Material to process

Content starts

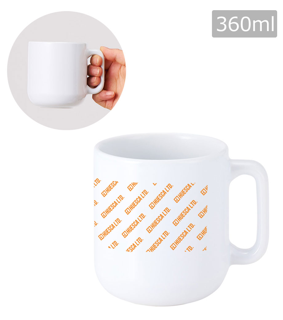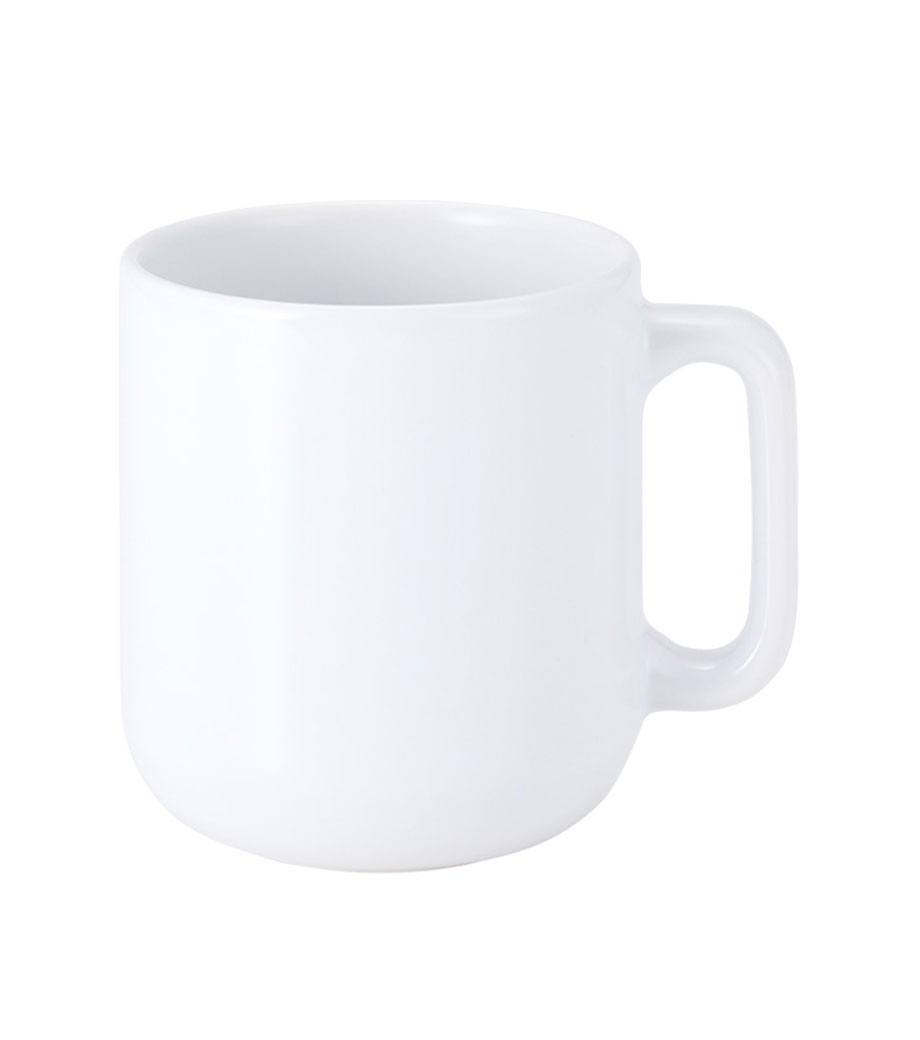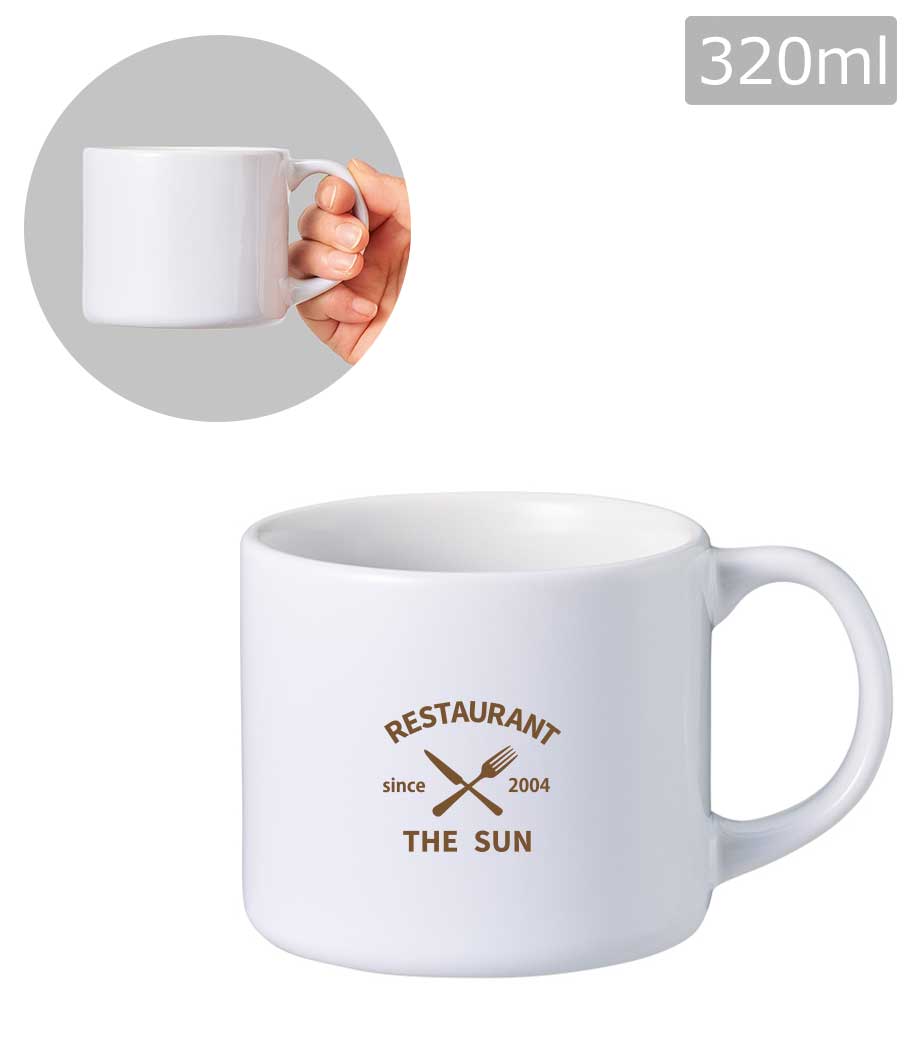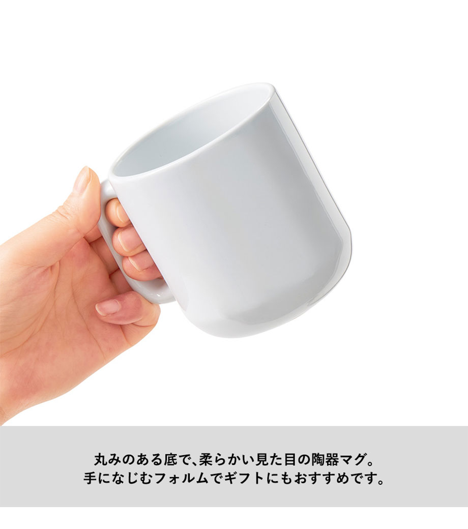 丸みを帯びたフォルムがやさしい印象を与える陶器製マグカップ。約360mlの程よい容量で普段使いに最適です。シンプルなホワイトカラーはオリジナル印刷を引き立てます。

Content ends
Content starts

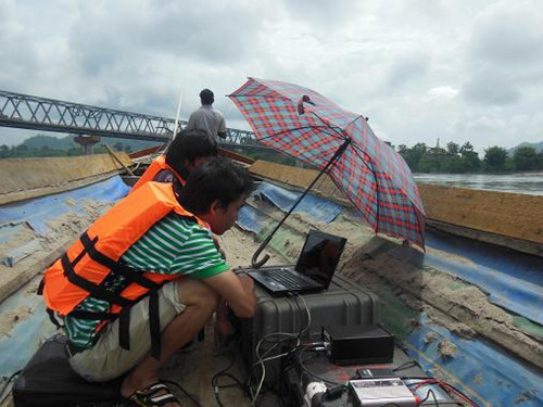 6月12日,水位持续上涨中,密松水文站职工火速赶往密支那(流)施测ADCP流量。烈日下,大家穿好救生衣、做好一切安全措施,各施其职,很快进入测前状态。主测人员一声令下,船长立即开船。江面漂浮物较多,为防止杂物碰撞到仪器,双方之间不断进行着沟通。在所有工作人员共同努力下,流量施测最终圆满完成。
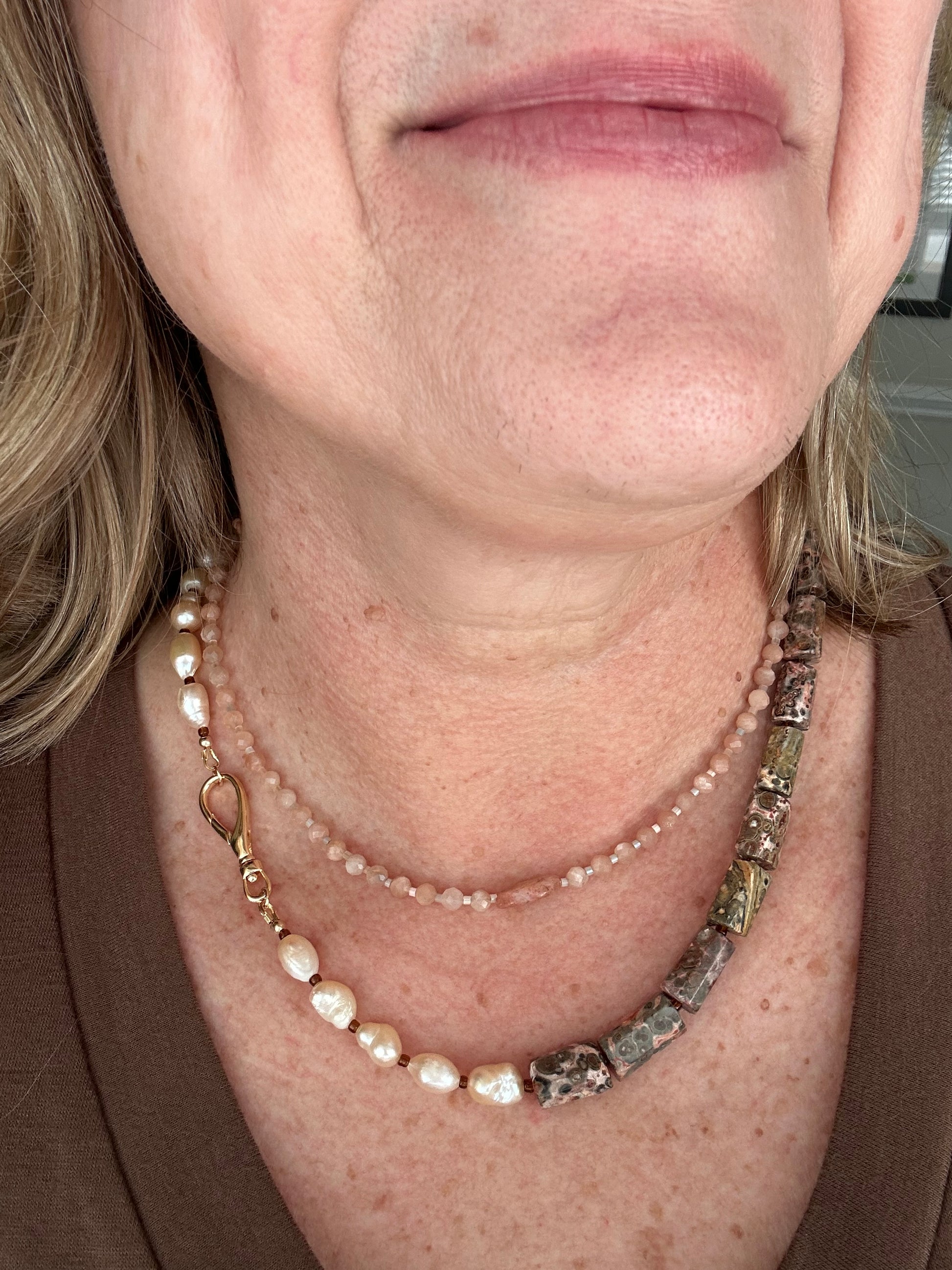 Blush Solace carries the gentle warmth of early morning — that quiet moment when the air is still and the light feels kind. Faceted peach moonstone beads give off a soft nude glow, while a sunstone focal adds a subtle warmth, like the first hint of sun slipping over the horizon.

Content ends
Content starts

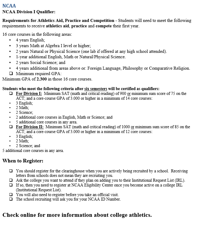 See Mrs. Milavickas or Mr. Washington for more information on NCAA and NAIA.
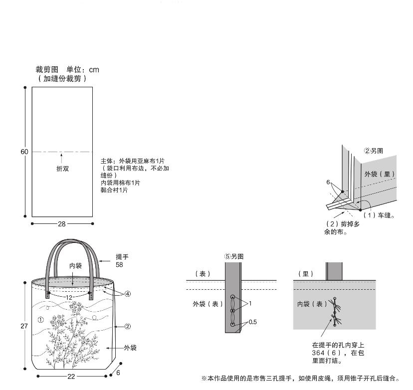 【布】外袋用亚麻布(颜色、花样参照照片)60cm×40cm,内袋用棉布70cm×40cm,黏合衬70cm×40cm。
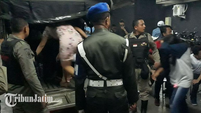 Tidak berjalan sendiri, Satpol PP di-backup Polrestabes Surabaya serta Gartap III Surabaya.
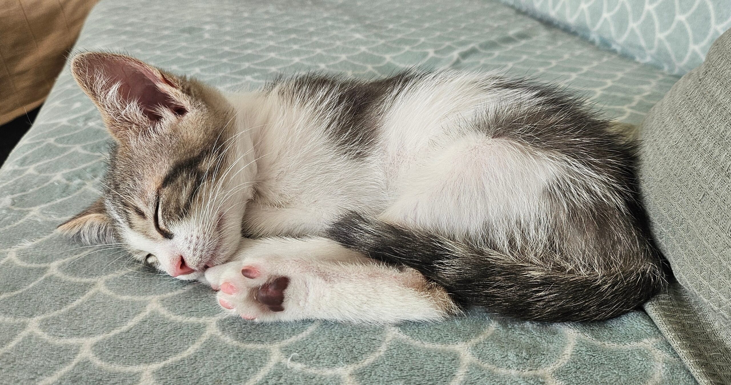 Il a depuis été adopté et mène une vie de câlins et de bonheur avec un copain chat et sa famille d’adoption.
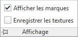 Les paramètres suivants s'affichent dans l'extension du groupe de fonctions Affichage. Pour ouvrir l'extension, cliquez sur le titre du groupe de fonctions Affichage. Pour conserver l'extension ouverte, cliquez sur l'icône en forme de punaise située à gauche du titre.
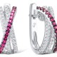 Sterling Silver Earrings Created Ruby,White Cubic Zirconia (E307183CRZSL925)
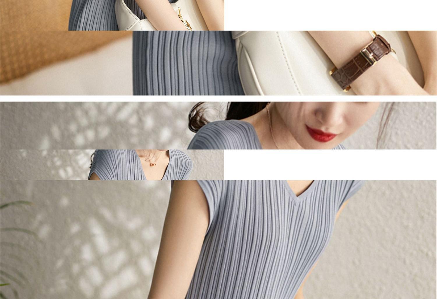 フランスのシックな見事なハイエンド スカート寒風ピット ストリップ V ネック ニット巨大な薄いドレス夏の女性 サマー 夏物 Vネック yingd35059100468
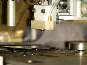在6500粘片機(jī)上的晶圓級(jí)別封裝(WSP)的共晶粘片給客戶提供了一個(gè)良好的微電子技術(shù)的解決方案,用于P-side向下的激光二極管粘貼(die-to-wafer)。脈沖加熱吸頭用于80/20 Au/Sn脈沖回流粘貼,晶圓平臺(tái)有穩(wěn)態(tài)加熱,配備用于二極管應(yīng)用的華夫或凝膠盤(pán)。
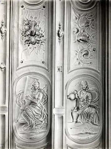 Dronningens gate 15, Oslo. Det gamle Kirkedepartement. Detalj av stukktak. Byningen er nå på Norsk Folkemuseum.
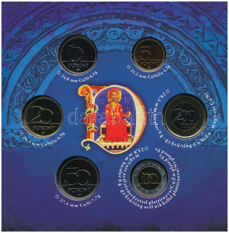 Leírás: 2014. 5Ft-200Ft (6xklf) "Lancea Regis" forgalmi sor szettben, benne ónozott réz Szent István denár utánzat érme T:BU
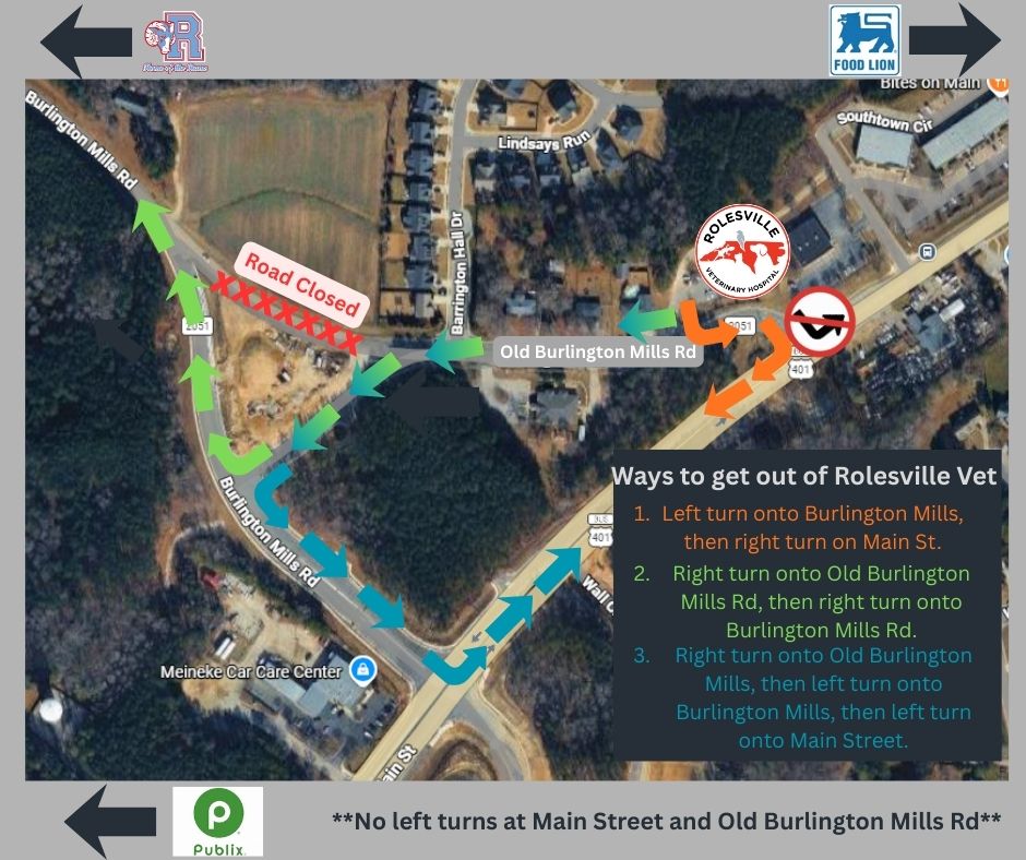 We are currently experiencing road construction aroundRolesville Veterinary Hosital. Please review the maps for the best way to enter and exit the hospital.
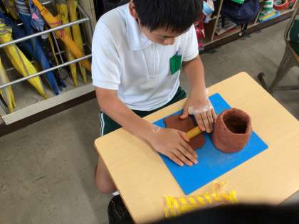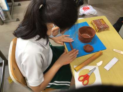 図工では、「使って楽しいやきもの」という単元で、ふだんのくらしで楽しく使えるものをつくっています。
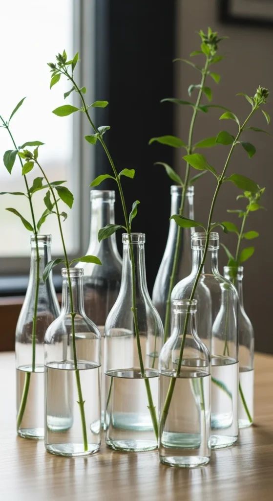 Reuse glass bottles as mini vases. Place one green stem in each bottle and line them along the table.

Content ends

What to work on
Within the entries above, the lines from the one containing "図工では、「使って楽しいやき" through the one containing "Reuse glass bottles" are to be transcribed exactly, ends included, pictures excluded.

Written response
 図工では、「使って楽しいやきもの」という単元で、ふだんのくらしで楽しく使えるものをつくっています。
 Reuse glass bottles as mini vases. Place one green stem in each bottle and line them along the table.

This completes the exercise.